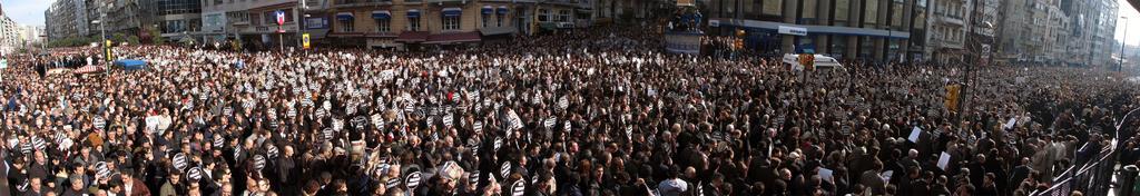 | Keywords: Dinkfuneral2.jpg A striking image from recently assassinated Armenian-Turkish journalist en Hrant Dink's funeral Over 100 000 protesters walked against the ultra-nationalist ideas that killed him carrying placards reading We are all Hrant Dink and We are all Armenians in Turkish Armenian and Kurdish The picture dramatically covers the crowd overflowing from the Halaskargazi Boulevard The Building towards the left with the black banner is the office of the Agos newspaper where Dink was Gunned down A little bonus in the picture is the appearance of en Murat Belge a famous Turkish journalist towards the middle Straight down from the red light with 1 second remaining He is the one with white beard en wikipedia 2007-01-23 Ombudsee wikipedia en Ombudsee original upload log page en wikipedia Dinkfuneral2 jpg 2007-01-30 22 17 Ombudsee 4600×789×8 1142089 bytes <nowiki>Cropped it from the right </nowiki> 2007-01-24 09 15 Ombudsee 4800×789×8 1165033 bytes <nowiki>Hrant Dink's Funeral A panoramic image of Halaskargazi Boulevard Around Hundred Thousand Attended to funeral This version is a little bit better manipulated version of the last </nowiki> 2007-01-23 16 16 Ombudsee 4800×789×8 1165145 bytes <nowiki>Did a little manipulation</nowiki> 2007-01-23 12 13 Ombudsee 4800×845×8 1200065 bytes <nowiki>Hrant Dink's Funeral</nowiki> Funeral of Hrant Dink ImageNote 1 2994 449 52 69 4600 789 2 en Murat Belge ImageNoteEnd 1 ImageNote 2 1117 576 98 121 4600 789 2 double ImageNoteEnd 2 ImageNote 3 944 518 98 121 4600 789 2 double ImageNoteEnd 3 ImageNote 4 1773 530 81 92 4600 789 2 double ImageNoteEnd 4 ImageNote 5 1624 513 86 104 4600 789 2 double ImageNoteEnd 5 ImageNote 6 2372 708 207 75 4600 789 2 doubles ImageNoteEnd 6 |
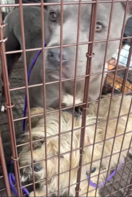 Both dogs are really friendly. The Yorkie’s coat is matted, and the pittie has skin problems. For these two adorable puppies, all of this will one day be just a distant memory.
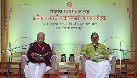 Mathura: The two-day meeting of the Rashtriya Swayamsevak Sangh’s (RSS) All India Executive Council was inaugurated by RSS Chief Dr Mohan Bhagwat and General Secretary Dattatreya Hosabale, who paid floral tributes to the portrait of Bharat Mata.
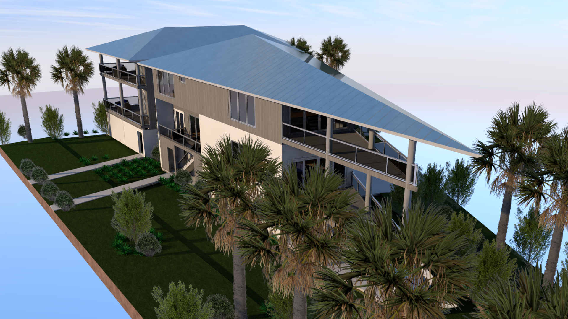 The images shown illustrate two closely related design schemes. One scheme includes an optional rooftop deck with a covered outdoor kitchen, designed to take advantage of Gulf views and enhance rental appeal.
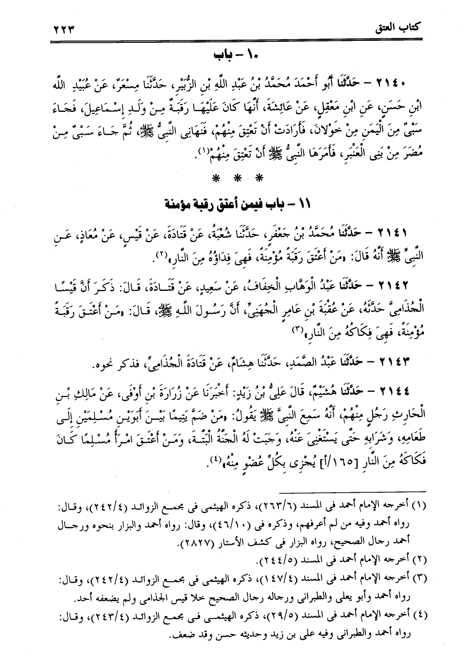 2144 - حَدَّثَنَا هُشَيْمٌ، قَالَ عَلِىُّ بْنُ زَيْدٍ: أَخْبَرَنَا عَنْ زُرَارَةَ بْنِ أَوْفَى، عَنْ مَالِكِ بْنِ الْحَارِثِ رَجُلٍ مِنْهُمْ، أَنَّهُ سَمِعَ النَّبِىَّ صلى الله عليه وسلم يَقُولُ: "مَنْ ضَمَّ يَتِيمًا بَيْنَ أَبَوَيْنِ مُسْلِمَيْنِ إِلَى طَعَامِهِ، وَشَرَابِهِ حَتَّى يَسْتَغْنِىَ عَنْهُ، وَجَبَتْ لَهُ الْجَنَّةُ الْبَتَّةَ، وَمَنْ أَعْتَقَ امْرَأً مُسْلِمًا كَانَ فَكَاكَهُ مِنَ النَّارِ يُجْزِى بِكُلِّ عُضْوٍ مِنْهُ.
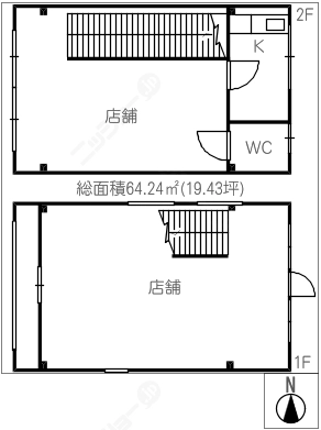 階数2階建/1階 面積64.24㎡(約19.43坪) 築年数築33年
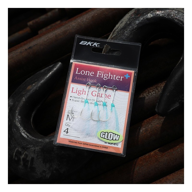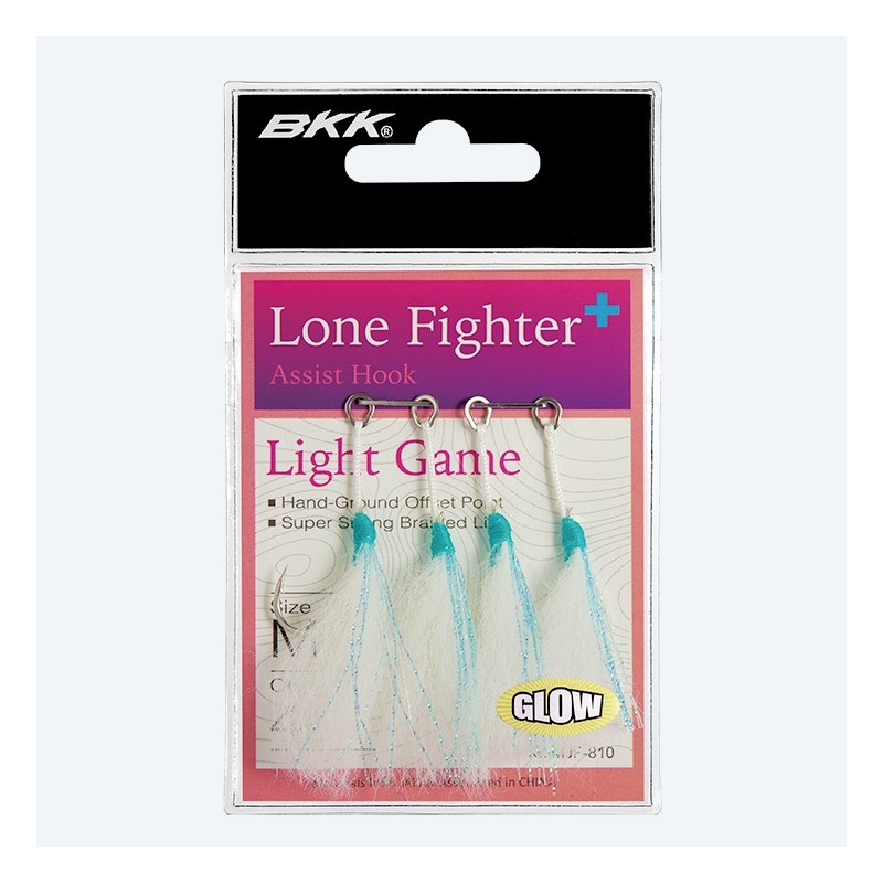 BKK Lone Fighter + este un cârlig care se ataseaza special pentru jigging, conceput pentru aplicații ușoare de jigging cu jiguri mici și rapide variind de la 10 la 50 g. atât din barca, cât și de pe mal. Se pot atasa si la voblere, crescand astfel atractia momelii.
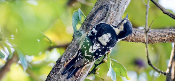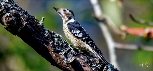 鉴别特征:体长约15 cm,中小型啄木鸟。喙短尖,全身具黑白相间的条纹,背部黑色具白斑,腹部白色略带棕色,并具深灰色纵纹。雄鸟枕部两侧具红色条纹。
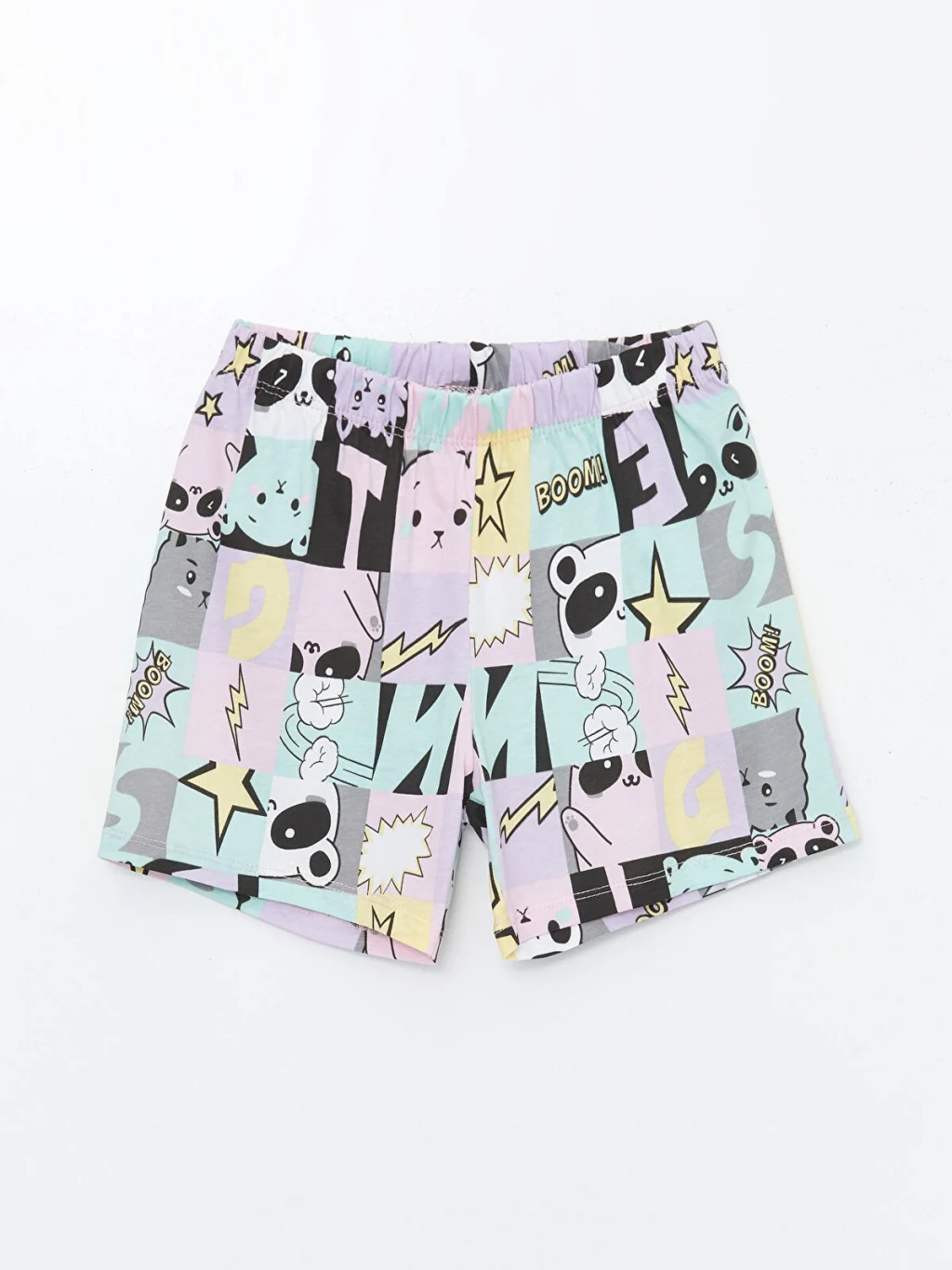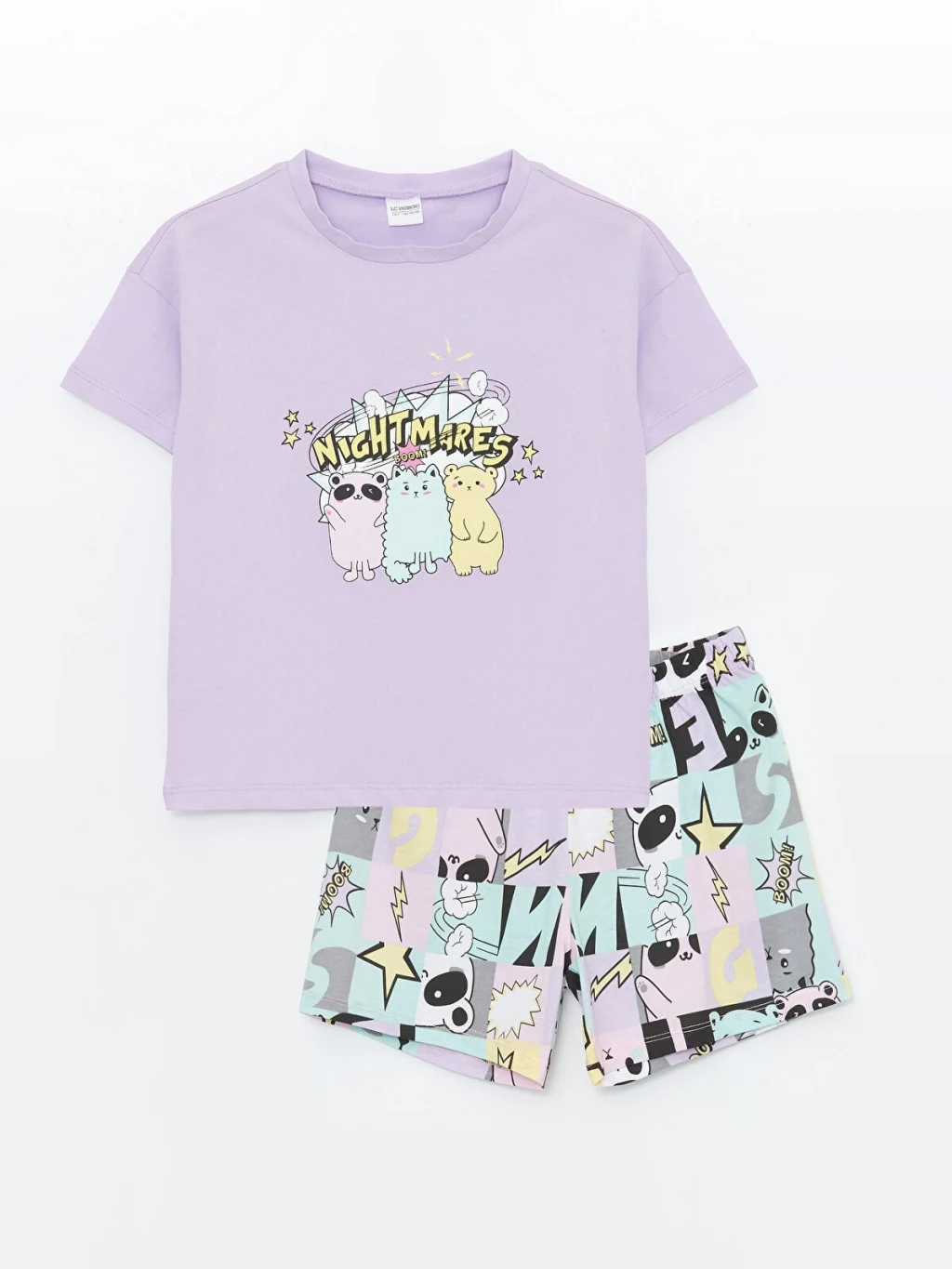 Rahat kalıp pijama üst ve standart kalıp pijama alt olarak 2 parçadan oluşan şortlu pijama takımı nefes alabilen penye kumaştan üretilmiştir.
****
Required work: Every line above should be output exactly, except for the pictures.

Written answer:
 | Keywords: Dinkfuneral2.jpg A striking image from recently assassinated Armenian-Turkish journalist en Hrant Dink's funeral Over 100 000 protesters walked against the ultra-nationalist ideas that killed him carrying placards reading We are all Hrant Dink and We are all Armenians in Turkish Armenian and Kurdish The picture dramatically covers the crowd overflowing from the Halaskargazi Boulevard The Building towards the left with the black banner is the office of the Agos newspaper where Dink was Gunned down A little bonus in the picture is the appearance of en Murat Belge a famous Turkish journalist towards the middle Straight down from the red light with 1 second remaining He is the one with white beard en wikipedia 2007-01-23 Ombudsee wikipedia en Ombudsee original upload log page en wikipedia Dinkfuneral2 jpg 2007-01-30 22 17 Ombudsee 4600×789×8 1142089 bytes <nowiki>Cropped it from the right </nowiki> 2007-01-24 09 15 Ombudsee 4800×789×8 1165033 bytes <nowiki>Hrant Dink's Funeral A panoramic image of Halaskargazi Boulevard Around Hundred Thousand Attended to funeral This version is a little bit better manipulated version of the last </nowiki> 2007-01-23 16 16 Ombudsee 4800×789×8 1165145 bytes <nowiki>Did a little manipulation</nowiki> 2007-01-23 12 13 Ombudsee 4800×845×8 1200065 bytes <nowiki>Hrant Dink's Funeral</nowiki> Funeral of Hrant Dink ImageNote 1 2994 449 52 69 4600 789 2 en Murat Belge ImageNoteEnd 1 ImageNote 2 1117 576 98 121 4600 789 2 double ImageNoteEnd 2 ImageNote 3 944 518 98 121 4600 789 2 double ImageNoteEnd 3 ImageNote 4 1773 530 81 92 4600 789 2 double ImageNoteEnd 4 ImageNote 5 1624 513 86 104 4600 789 2 double ImageNoteEnd 5 ImageNote 6 2372 708 207 75 4600 789 2 doubles ImageNoteEnd 6 |
 Both dogs are really friendly. The Yorkie’s coat is matted, and the pittie has skin problems. For these two adorable puppies, all of this will one day be just a distant memory.
 Mathura: The two-day meeting of the Rashtriya Swayamsevak Sangh’s (RSS) All India Executive Council was inaugurated by RSS Chief Dr Mohan Bhagwat and General Secretary Dattatreya Hosabale, who paid floral tributes to the portrait of Bharat Mata.
 The images shown illustrate two closely related design schemes. One scheme includes an optional rooftop deck with a covered outdoor kitchen, designed to take advantage of Gulf views and enhance rental appeal.
 2144 - حَدَّثَنَا هُشَيْمٌ، قَالَ عَلِىُّ بْنُ زَيْدٍ: أَخْبَرَنَا عَنْ زُرَارَةَ بْنِ أَوْفَى، عَنْ مَالِكِ بْنِ الْحَارِثِ رَجُلٍ مِنْهُمْ، أَنَّهُ سَمِعَ النَّبِىَّ صلى الله عليه وسلم يَقُولُ: "مَنْ ضَمَّ يَتِيمًا بَيْنَ أَبَوَيْنِ مُسْلِمَيْنِ إِلَى طَعَامِهِ، وَشَرَابِهِ حَتَّى يَسْتَغْنِىَ عَنْهُ، وَجَبَتْ لَهُ الْجَنَّةُ الْبَتَّةَ، وَمَنْ أَعْتَقَ امْرَأً مُسْلِمًا كَانَ فَكَاكَهُ مِنَ النَّارِ يُجْزِى بِكُلِّ عُضْوٍ مِنْهُ.
 階数2階建/1階 面積64.24㎡(約19.43坪) 築年数築33年
 BKK Lone Fighter + este un cârlig care se ataseaza special pentru jigging, conceput pentru aplicații ușoare de jigging cu jiguri mici și rapide variind de la 10 la 50 g. atât din barca, cât și de pe mal. Se pot atasa si la voblere, crescand astfel atractia momelii.
 鉴别特征:体长约15 cm,中小型啄木鸟。喙短尖,全身具黑白相间的条纹,背部黑色具白斑,腹部白色略带棕色,并具深灰色纵纹。雄鸟枕部两侧具红色条纹。
 Rahat kalıp pijama üst ve standart kalıp pijama alt olarak 2 parçadan oluşan şortlu pijama takımı nefes alabilen penye kumaştan üretilmiştir.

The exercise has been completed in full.